О необъяснимом и страшном

О необъяснимом и страшном. В детстве я многого боялся, чудовищный ужас иногда полностью захватывал меня и не давал спокойно спать. Но с приходом солнца страхи исчезали и я забывал свое «кошмарное» прошлое очень легко. И это были очень-очень безобидные страхи - как будто слушаешь старый подвывающий супергетеродиный приемник (в радиоприемнике был большой зеленый глаз индикатора настройки и жил монстр «Хока» - свистящие, шипящие, атональное существо, созданное по мотивам сказок инженера Термена, изобретателя терменвокса). Удивительно, но чем старше я становился, тем страшнее казался мир - страхи множились, нарастали жуткими подробностями, наливались силой и спасительное утро не всегда приносило облегчение. В юности вселенский ужас настолько захватывал меня, что панические атаки казались мне близкими друзьями - иногда я впадал в кому даже после прочтения книг: так, "Орля" Мопассана вызвала у меня мрачное предчувствие грядущей катастрофы.
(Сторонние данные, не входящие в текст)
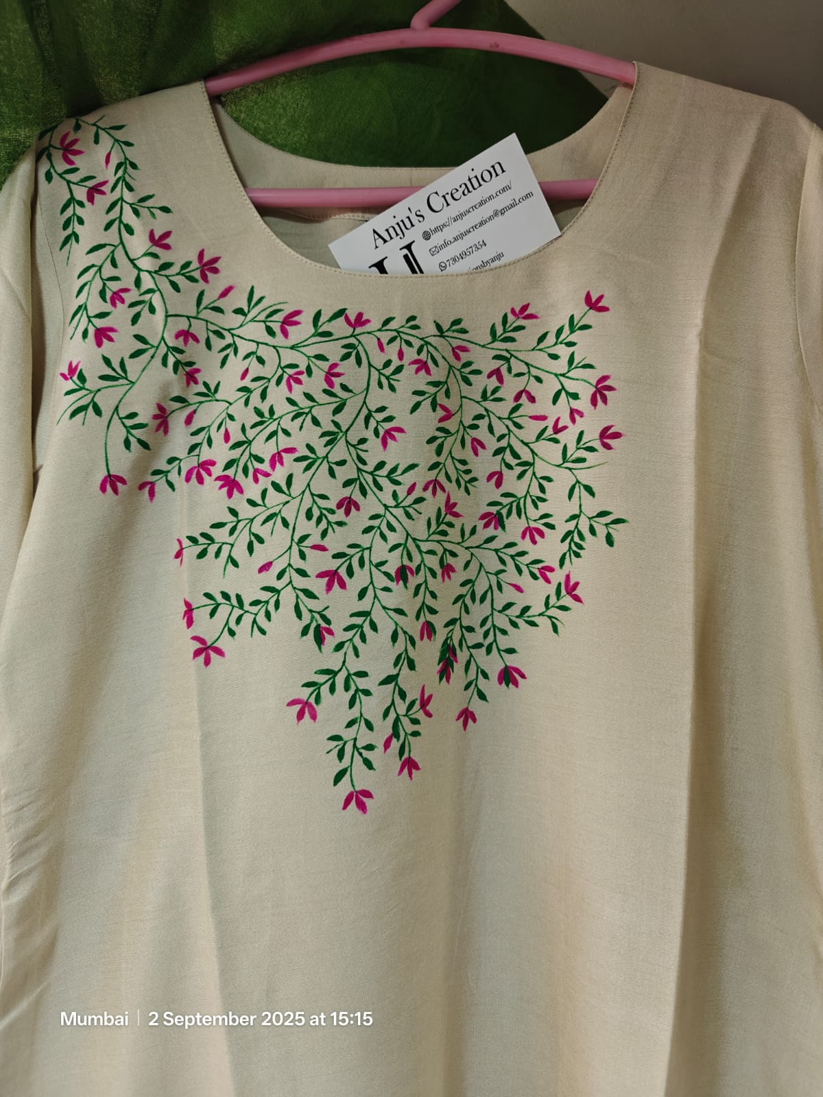 Elevate your everyday style with this elegant hand-painted cream cotton kurta, crafted with care and attention to detail. Made from soft, breathable cotton, it offers unmatched comfort while exuding timeless charm. The kurta features a delicate floral vine pattern, hand-painted in shades of blue and green, adding a refreshing touch of nature-inspired beauty. The intricate design gracefully flows across the yoke and sleeves, creating a harmonious blend of tradition and artistry.
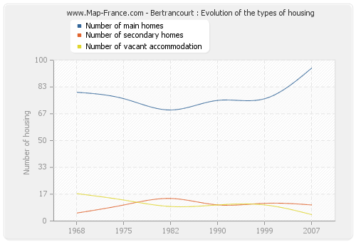 The number of housing of Bertrancourt was 109 in 2007, 97 in 1999, 95 in 1990, 92 in 1982, 99 in 1975 and 102 in 1968.
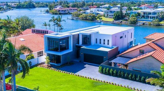 据了解,这套物业位宽滩水域(Broadbeach Waters)兰姆街(Lamb St)16-18号,是一套带5卧室的海滨物业,面积为1538平方米。其内部装修非常奢华,除了门厅有7米高之外,还有媒体室、娱乐室和专门的酒柜。外面有一个河畔泳池、露天的娱乐空间、内置的烧烤厨房、还有一处船用斜坡道、船屋和浮码头。房子的一边还附带着另一处生活空间,同样为2层,有独立的出入口和楼梯。
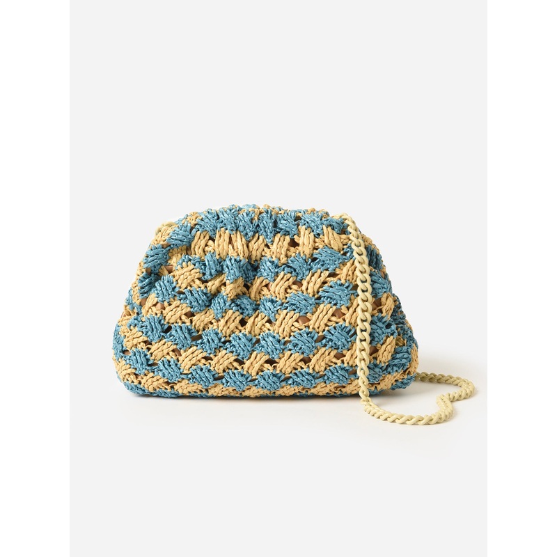 DESCRIPTION:A medium-sized clutch made from woven raffia with a removable strap.
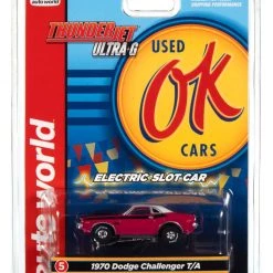 This is the OK USED CARS Auto World 1970 Dodge Challenger T/A Panther (Pink) Thunderjet HO Slot Car
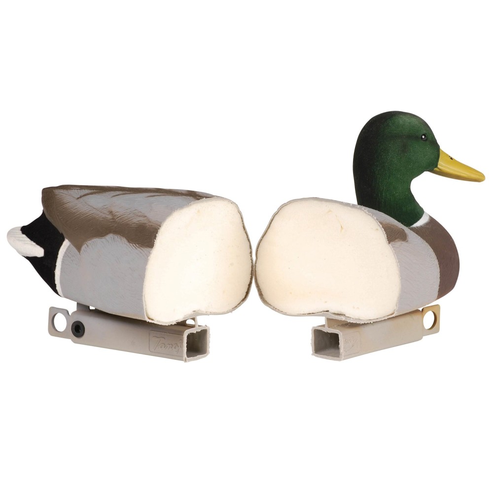 - Флокированные головы и хвосты: мягкое бархатистое покрытие значительно снижает блики и добавляет реалистичности, делая чучела более привлекательными для пролетающих уток.

Я боялся, боялся, боялся - я совершал очистительные ритуалы, чтобы убежать от злого бога кошмаров, я ходил известными дорогами (так было спокойнее и это тоже ритуал), я видел каких-то духов и призраков. Нет, я их не видел, я вызывал их из воображаемого мира. Но иногда моя фантазия рисовала мне картины горящих городов, потолки и стены сжимались до узких туннелей, тишина полнилась какими-то звуками - даже не страшными, а чудовищными: далекий лай собак, рычание злых механических чудовищ. Однако я не боялся грозы или темного леса, кладбища не пугали меня: ведь самое ужасное - это люди. Именно в тех местах, где возможно появление людей, страх становится самым отвратительным. Наверное, я физически не переносил мысли, что мое тело лишь часть общего мира, что «я» телесное может быть  обнажено перед людьми. Правда, картина Страшного суда неприятна и чудовищна: все тайные помыслы будут открыты, все станет явью. Человек будет нагим и беззащитным.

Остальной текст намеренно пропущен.